In regard to the limitations of this dataset, it is important to mention that even though the participants were specifically instructed to imagine their own voice and explicitly requested not to focus on the muscular activity, as in any other endogenous BCI paradigm, there is no guarantee at all that the mental activity executed by a participant was in fact the correct one. Furthermore, as all the participants were naive BCI users, it may not had been possible for them to clearly differentiate between different components of the speech. In the same direction it is worth mentioning that, even though all participants received the same instructions, their interpretation and posterior executed mental activity may vary across individuals. It is also important to remark that, until today, there is not enough evidence to support that imagined speech and inner speech generate distinguishable brain processes. And even if they in fact do, it is not clear that distinguishable features could be captured with current Electroencephalography technologies. Nonetheless, inner speech is clearly a more natural way of controlling a BCI, since the participant does not need to focus on the articulatory gestures.

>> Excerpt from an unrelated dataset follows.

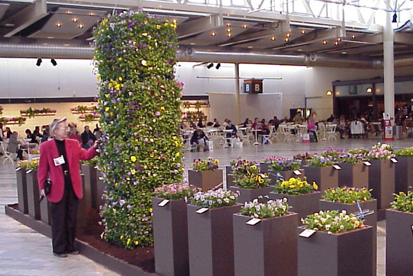 möttes besökarna av härligt vårblommande penséer. Denna drygt 2,5 meter höga blomsterpelaren tilldrog sig stort intresse. Den är uppbyggd av 4 st växtmodul MPS Kub Vid vertikal vårplantering rekommenderar Weibulls expertis pensé- sorter med kompakt, krypande växtsätt. Se fler exempel på olika vertikala planteringar på bland annat Blomåret 2004 och Växtmoduler. . |
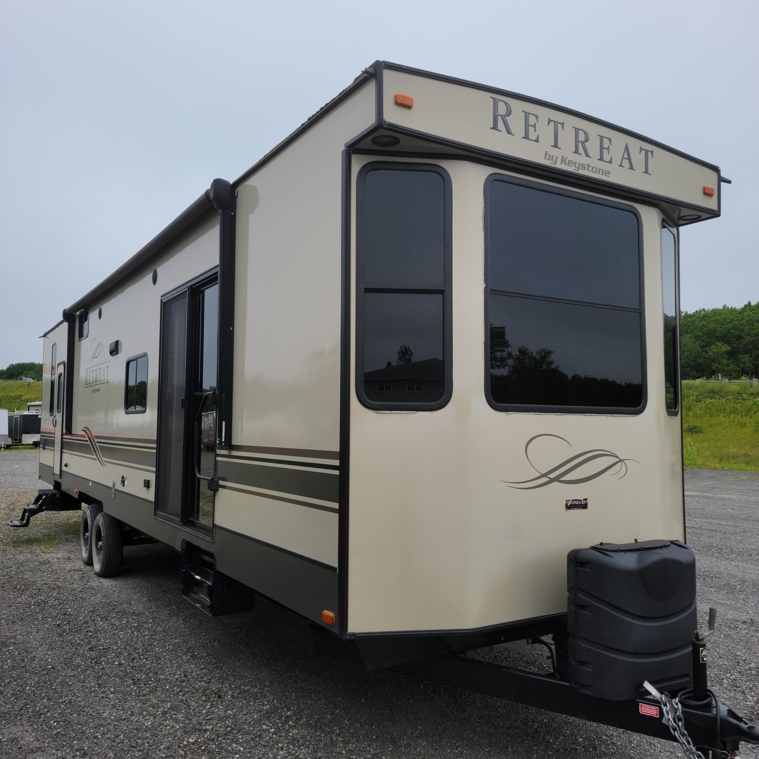 Available at Stone’s RV, this pre-owned 2018 Keystone Retreat 391FDEN is a 41′ destination trailer that sleeps 4 people. With a dry weight of 10,618 lbs, the Retreat 391FDEN is designed to stay put at your seasonal site.

Although the pronounced speech trials were most likely contaminated with muscular activity, providing the raw EEG data along with the EMG recordings will allow to develop and test EMG denoising algorithms. As mentioned before, no trials were discarded from the dataset in the “Electromyography control” Section nor in the “Attentional Monitoring” Section, so letting future users decide whether or not to include them in their analyses. Not providing rhythmic cues to benefit the participant’s natural pace, could also produce a variation in the the timing of the pronunciation and imagination across trials. This phenomenon is likely to happen, since it is not natural to recite or think about one word at the time. Nevertheless, this is an issue that will also appear in any real BCI application. Much further analysis needs to be performed in order to determine if the participants changed their pace over the trials, and if they did, what the impact of this phenomenon in the decoding performance could be. It is important to remark that the references to the related papers in the field in regard to their executed paradigms, constitutes just a first classification attempt and further analysis needs to be done. This is so mainly because the description of the requested actions is not always clearly detailed and the difference between imagined and inner speech are not always taken into account in those articles.

Finally, we strongly believe that providing not just the raw data, but also the processed data, along with all the implementation codes will be of great benefit to the scientific community.

Usage Notes

The processing script was developed in Python 3.766, using the MNE-python package v0.21.051, NumPy v1.19.267, Scipy v.1.5.268, Pandas v1.1.269 and Pickle v4.070. The main script, “InnerSpeech_processing.py”, contains all the described processing steps and it can be modified to obtain different processing results, as desired. In order to facilitate data loading and processing, six more scripts defining functions are also provided.

The stimulation protocols were developed using Psychtoolbox-347 in MatLab R2017b48. The auxiliary functions, including the parallel port communication needed to send the tags from PC1 to BioSemi Active 2, were also developed in MatLab. The execution of the main script, called “Stimulation_protocol.m”, shows the visual cue in the screen to the participant, and sends, via parallel port, the event being shown. The parallel port communication was implemented in the function “send_value_pp.m”. The main parameter that has to be controlled in the parallel communication is the delay needed after sending each value. This delay allows the port to send and receive the sended value. Although we used a delay of 0.01 s, it can be changed as desired for other implementations.